A ce moment j’aurais dû tourner les talons mais naïvement j'ai pensé qu’il pouvait y avoir un quiproquo, et qu'il avait déliré un échange qui n'avait pas eu lieu.
« Non je vous assure. Votre collègue m’avait simplement désigné cette chaussure, vous me dites ne pas avoir ma pointure, peut-être pouvez-vous me montrer les autres modèles qui pourraient convenir ? »
« C’est là ! » (désignant le rayonnage)
« Bon peut-être pourriez-vous me dire ce qui distingue les différents modèles pour m'aider à faire un choix ? » (j’étais perdu devant la dizaine de paires exposées)
« Oh écoutez, j’étais là, juste à côté, elle a pris bien assez de temps pour vous expliquer hein »
(Euh… non. Elle m’a ghosté quand l’autre client est arrivé.)

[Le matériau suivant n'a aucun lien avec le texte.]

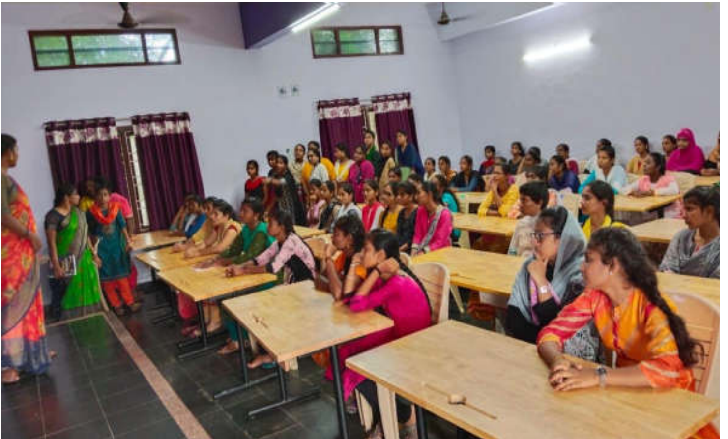
DIGITAL CLASS ROOM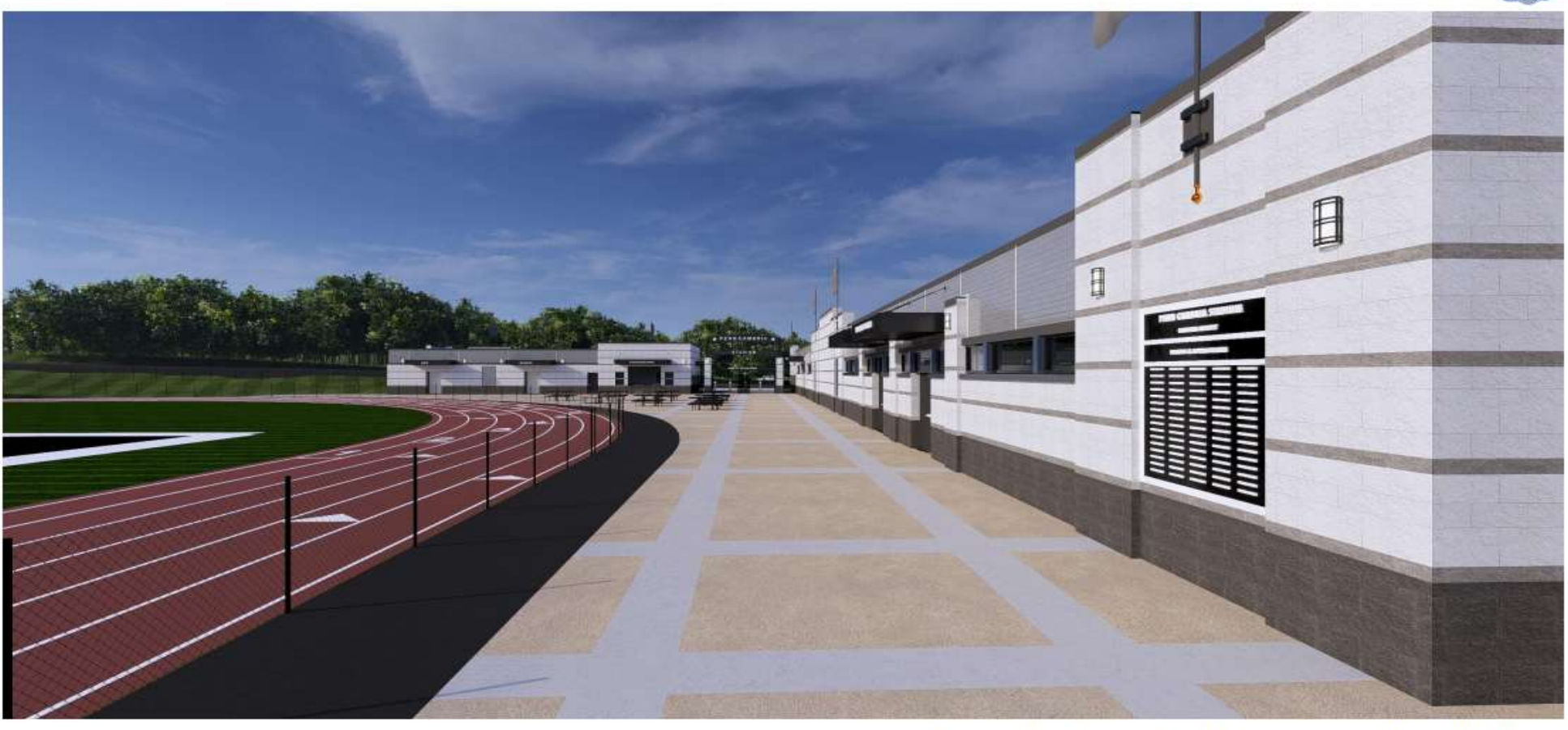
View along Fieldhouse looking toward Entrance Gates and Amenities Building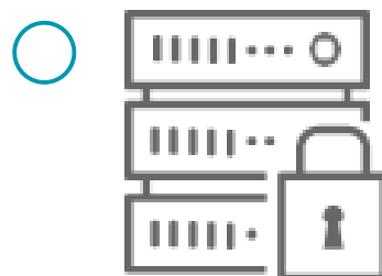
17. Endpoint Detection and Response (EDR)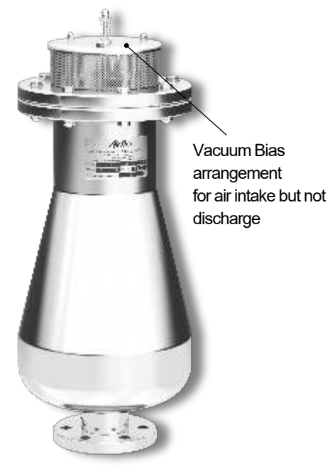
Vacuum Break Bias arrangement will break vacuum but not discharge air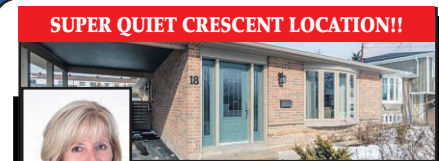
Cathy Graham-Smith Sales Representative

22 Arborgen Drive Stunning! Rare 5 bdrm on picturesque ravine lot in prestigious Arborgen Estates. Over 3500 sqft - Call for all the details!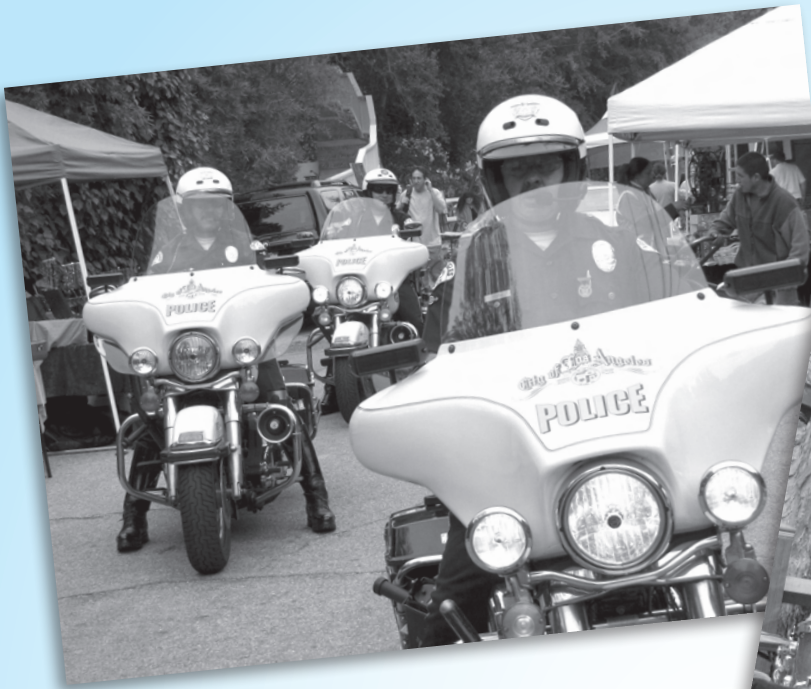
Our police guests arriving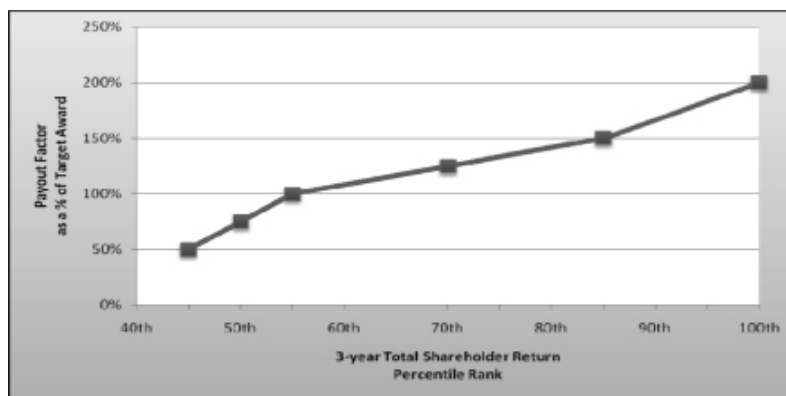
Relationship Between Avista's Relative Three-Year Shareholder Return and the Award Opportunity

The following graph represents the relationship between the Company's relative three-year total shareholder return and the award opportunity: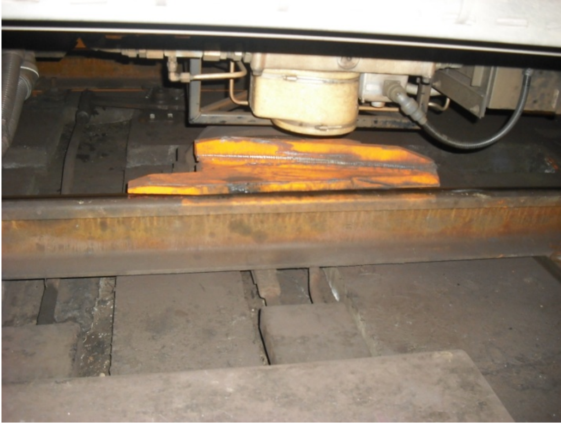
Figure 3. Derail in the normal position for a red signal.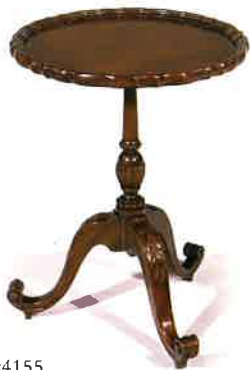
#4155 PEDESTAL TABLE 18"DIA X 22"H Illustrated with piecrust edge and hand carved legs.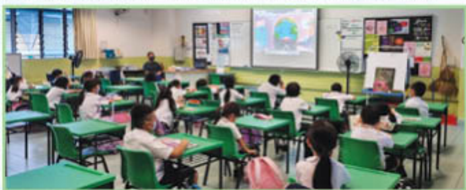
Assembly Talk on Waste Management

Our students took part in the BioBlitz activity as part of the NParks Community in Nature (CIN) initiative, to identify and count as many fauna that can be found in our school garden.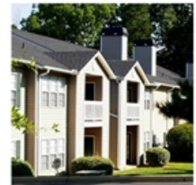
Bridle Ridge Apartments Greer, SC

$4.4 Million Senior Bond 40% @ 40% & 60% @ 50% AMI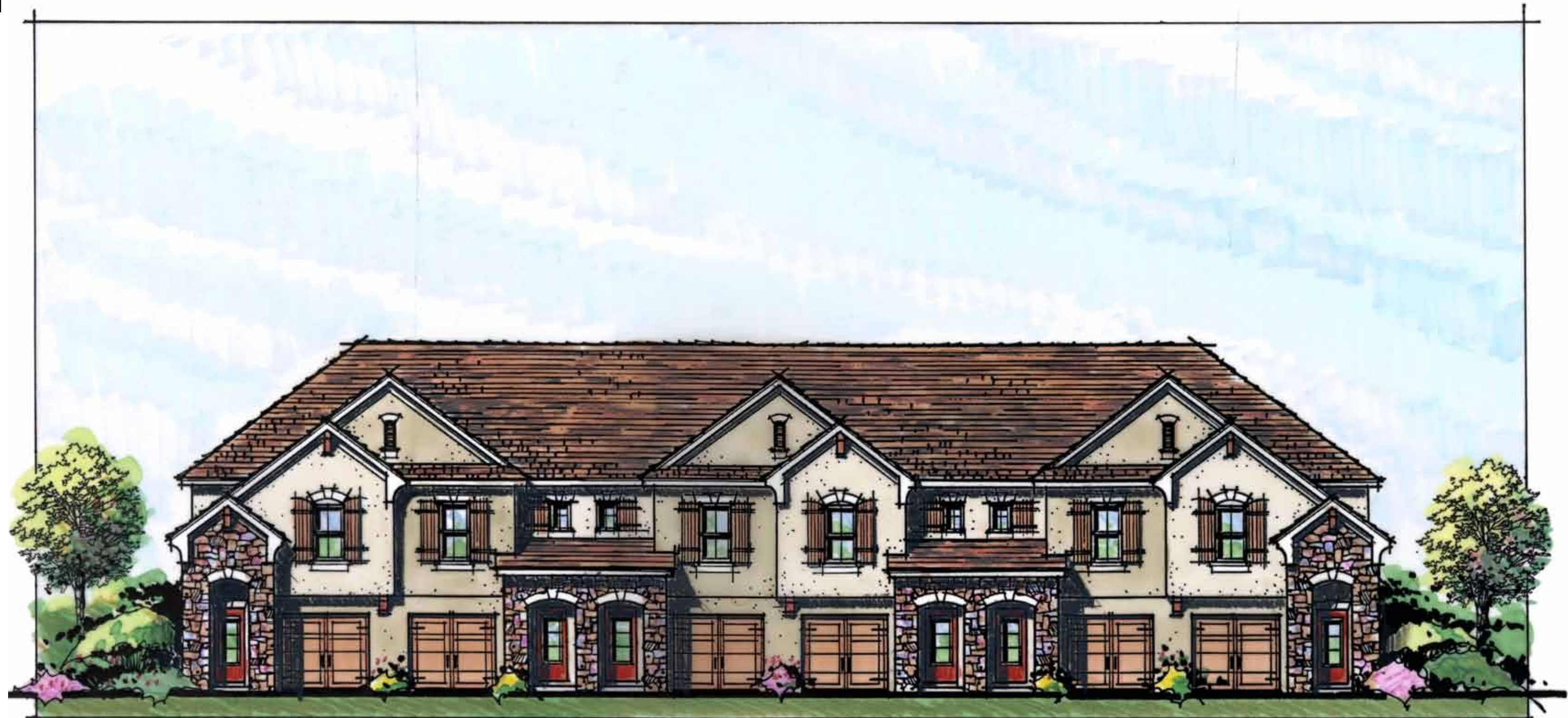
traditional rowhouse elevation

Je suis sonné par tant de grossièreté. Je lui dis calmement que je ne comprends plus où je suis là, et qu’on ne m’avait encore jamais traité ainsi dans une boutique. Mi-agacé, mi-amusé, et parfaitement agressif, il prend une chaussure : « Mais vous voulez quoi, que je vous explique dans quelle matière est telle semelle ? Telle empeigne ? »
Non. J’aurais juste aimé qu’on me présente les modèles pouvant convenir à mon usage, et possiblement en essayer un. C'est ce qu'on peut attendre d'une relation commerciale je crois ? Surréaliste.
Je lis ici de nombreux commentaires élogieux. Il faut croire qu'on a ses bonnes têtes dans cette boutique. La mienne manifestement, pour une raison que je chercher encore, n’en fait pas partie.